Although it is well known that electric vehicles use about four times as much copper as fuel vehicles, the short-term demand for such metals is not from the automotive industry, but from charging stations and related infrastructure to support the growth of electric vehicles.
According to international consulting firm Wood Mackenzie, there will be more than 20 million electric vehicle charging points in the world by 2030, and demand for copper will increase by more than 250% compared to 2019. But if more private and public investment is allocated, the forecast will become a reality faster.
Research indicates that the EV charging infrastructure ecosystem is complex and that most projects require strong partnerships between public and private stakeholders. Not only power companies, equipment manufacturers, software and network providers, but governments and NGOs need to work together.
According to reports, in North America alone, the electric vehicle infrastructure market will reach $2.7 billion by 2021 and reach $18.6 billion by 2030.
"By 2040, we predict that passenger electric vehicles will consume more than 3.7 million tons of copper per year. By comparison, the demand for passenger internal combustion engine (ICE) vehicles is more than 1 million tons," said Wood Mackenzie research analyst Henry Salisbury. "If we consider the cumulative demand, from now to 2040, passenger electric vehicles will consume 35.4 million tons of copper, which is about 5 million tons higher than the amount of copper needed to meet the current demand for passenger internal combustion engines."

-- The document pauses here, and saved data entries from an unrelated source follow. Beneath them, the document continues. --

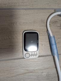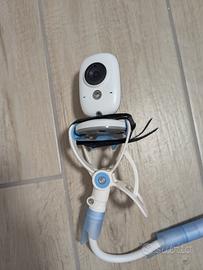Baby monitor con schermo a colori e visione notturna, microfono e possibilità di emettere musiche rilassanti attraverso la telecamera. Telecamera con staffa aggiuntiva per l'installazione sul lettino.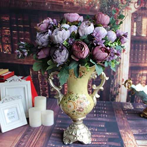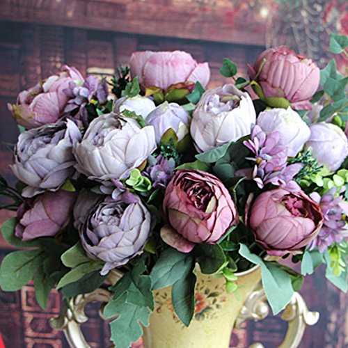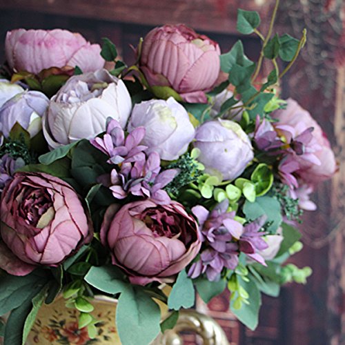TOPmountain 12頭 人工フェイク牡丹 シルクフローラル 絵画花 ブライダルブーケフラワー アレンジメントホーム ウェディングパーティーの庭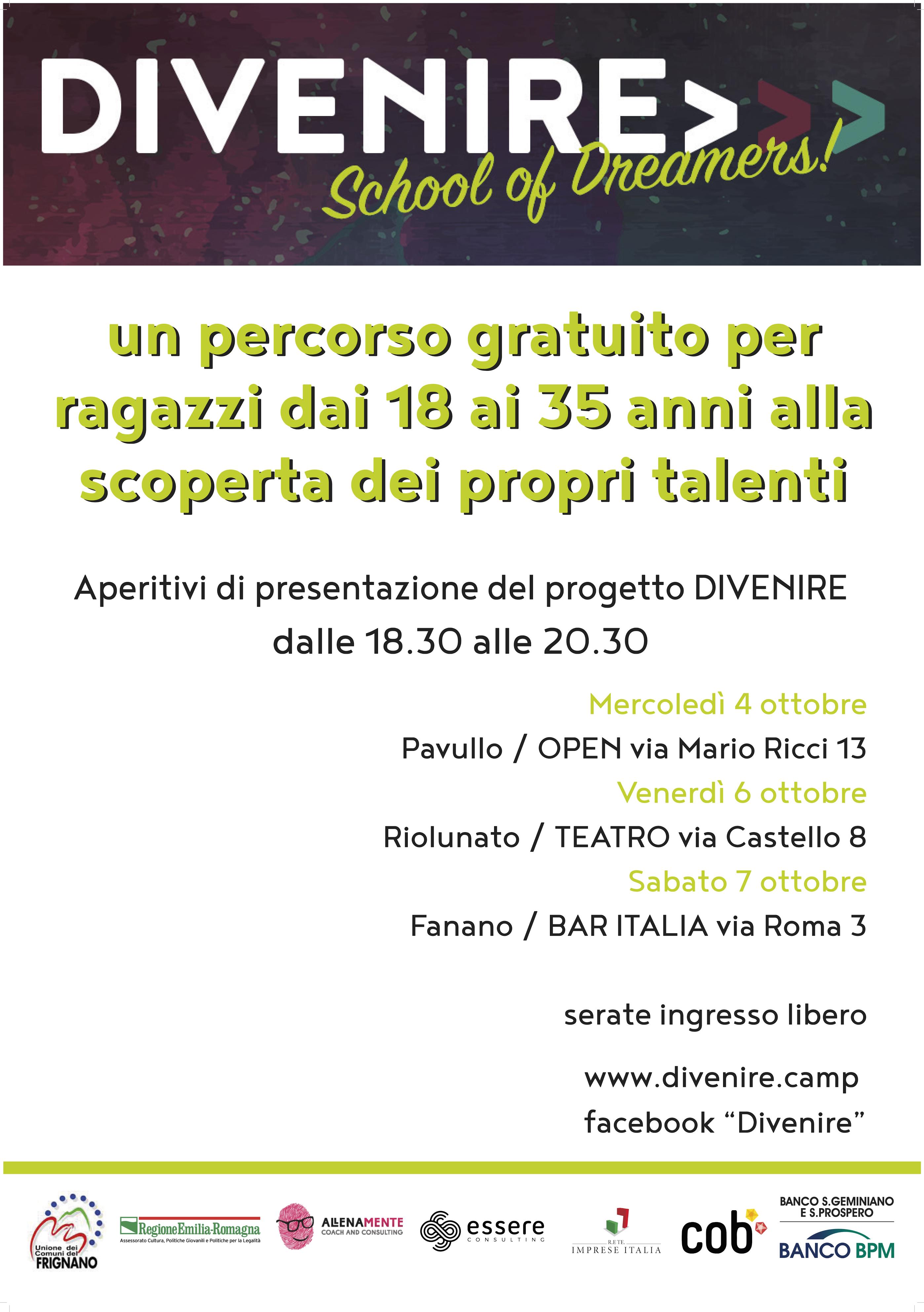 DIVENIRE - SCHOOL OF DREAMERS è un percorso di formazione gratuita per i giovani dai 18 ai 35 anni che abitano nel territorio dell'Unione dei Comuni del Frignano, volto a fornire gli strumenti più utili per affrontare ogni scelta personale o professionale e ad avvicinarli al mondo del lavoro.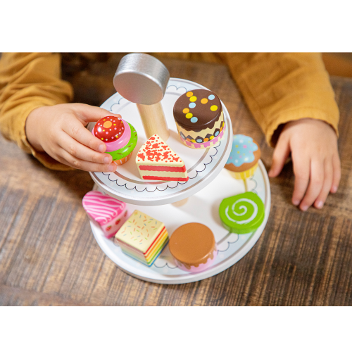 Goditi un tè pomeridiano con questa bella e ricca etagère. L’etagère è completa di 8 torte diverse, tra cui un punto di torta red velvet, un muffin e una torta arcobaleno. In questo modo, bere il tè con il tuo orsacchiotto nel pomeriggio diventa una vera festa! Perfetto per incoraggiare la condivisione e interpretare ruoli fantasiosi. Una fantastica aggiunta a qualsiasi cucina giocattolo in legno. Le forme in legno possono essere facilmente afferrate e sono molto adatte ai bambini. Inoltre, giocare con questo set stimola lo sviluppo delle capacità motorie fini.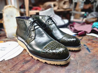 Данная пара обуви была отшита мастером по индивидуальному заказу. При пошиве обуви применялась кожа Shell Cordovan (шел кардован) и кожа крокодила, ручная сборка Handwelted. Пара обуви украшена декоративными вставками из натуральной крокодиловой кожи. На представленных на сайте фото вы видите, как конечный результат, так и промежуточные этапы сам процесс пошива и сборки данной пары обуви.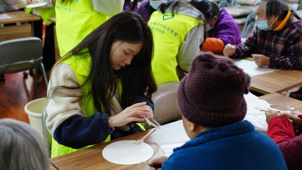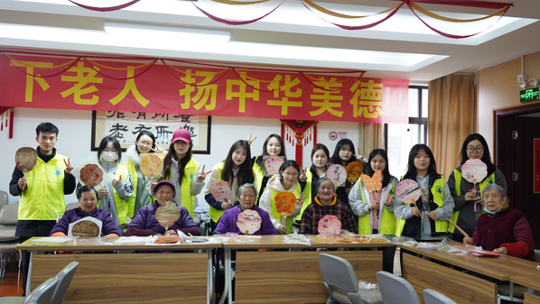 2025年3月14日,上海东海职业技术学院的16名志愿者走进永德敬老院,组织了一场漆扇DIY活动。通过传统技艺体验与代际互动,志愿者们不仅为老人们带去了春日暖意,更让非遗文化在敬老院中焕发新活力。

At present, the global electric vehicle market share is less than 1%, but by 2030, electric vehicles are expected to account for about 11% of new car sales. Consumer demand in the automotive industry will also affect the impact of copper demand. In general, the average copper demand for an internal combustion engine car is about 20 kg, which is mainly used for wiring, while a hybrid vehicle requires about 40 kg, and an all-electric vehicle requires about 80 kg. As the size of the vehicle increases, the number will increase. For example, an all-electric bus uses 11 to 16 times more copper than an internal combustion passenger car, depending on the size of the battery and the actual bus size.
This means that global copper demand will increase by 3 million to 5 million tons in the next decade. Once electric vehicles become popular, by then, the demand for new copper in the electric vehicle industry alone will reach 11 million tons, while other green technologies may have room to rise.
While electric vehicles are becoming cheaper and able to travel longer on a single charge, consumers still face the challenge of being able to provide the power they need for long-distance travel.
Gas stations are everywhere, the refueling process is fast, and there is very little need to plan ahead. But electric car charging stations are far from being seen. Despite advances in charger and battery technology, charging takes longer for automotive batteries, which takes about 30 minutes for today's fast chargers.
Salisbury said: "At present, mileage anxiety is mainly due to the fear that the battery will run out of power in the middle, which is a key psychological obstacle to the popularization of electric vehicles. One way to solve this problem is to introduce more charging infrastructure. This is This means that more connections to the grid will be needed and more copper will be needed as the network expands."
Salisbury also believes that copper will benefit from no viable alternatives. The physical properties of the metal make it the best conductive way to easily adapt to the temperature of an electric car. “Although aluminum is the closest choice and is lighter in weight and lower in cost, copper is more sized and efficient, and the cross-sectional area of aluminum cables is twice that of copper, and this means that if With aluminum cables, the size and space of the car, even the performance will be affected."
Copper is also a key factor in green technology and renewable energy, and although it uses more advanced technology, it still accounts for only a small portion of the world's total energy production.